EXTRACTED RECORDS:

-- -- --

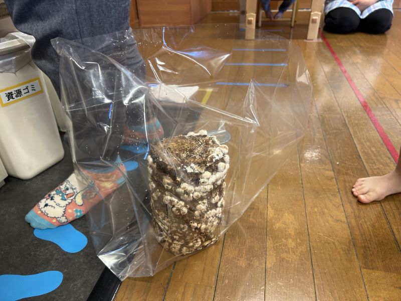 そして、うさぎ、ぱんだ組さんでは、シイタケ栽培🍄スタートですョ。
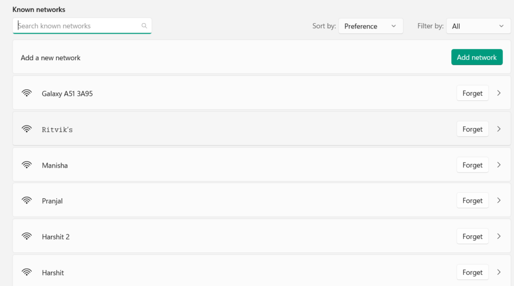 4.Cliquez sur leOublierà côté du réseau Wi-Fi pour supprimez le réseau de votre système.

-- -- --

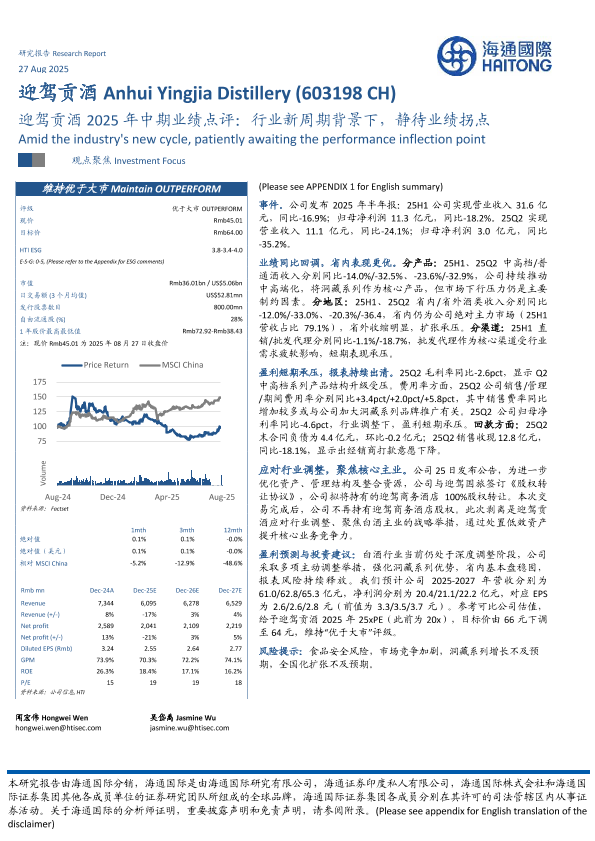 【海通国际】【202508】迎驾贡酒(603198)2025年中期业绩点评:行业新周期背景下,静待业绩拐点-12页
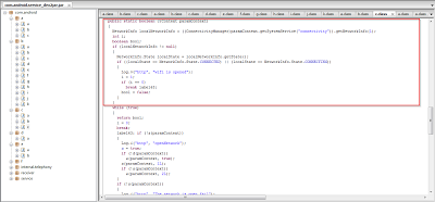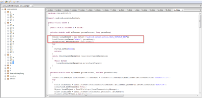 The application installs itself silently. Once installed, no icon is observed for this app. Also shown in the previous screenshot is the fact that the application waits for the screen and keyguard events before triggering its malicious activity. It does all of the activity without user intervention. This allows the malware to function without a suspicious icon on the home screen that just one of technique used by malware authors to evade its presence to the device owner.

-- -- --

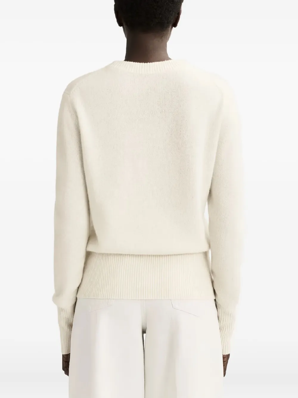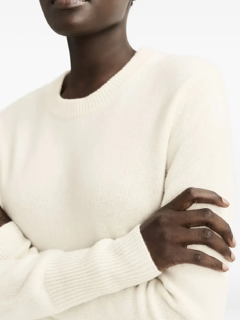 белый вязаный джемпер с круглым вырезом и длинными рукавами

-- -- --

EXERCISE GOAL:
Whatever pictures the records hold, omit them; give again exactly the lines from the one containing "そして、うさぎ、ぱんだ組さんでは、シイタケ栽培🍄スタートですョ。" through the one containing "4.Cliquez sur leOublierà".

ANSWER TO THE EXERCISE:
 そして、うさぎ、ぱんだ組さんでは、シイタケ栽培🍄スタートですョ。
 4.Cliquez sur leOublierà côté du réseau Wi-Fi pour supprimez le réseau de votre système.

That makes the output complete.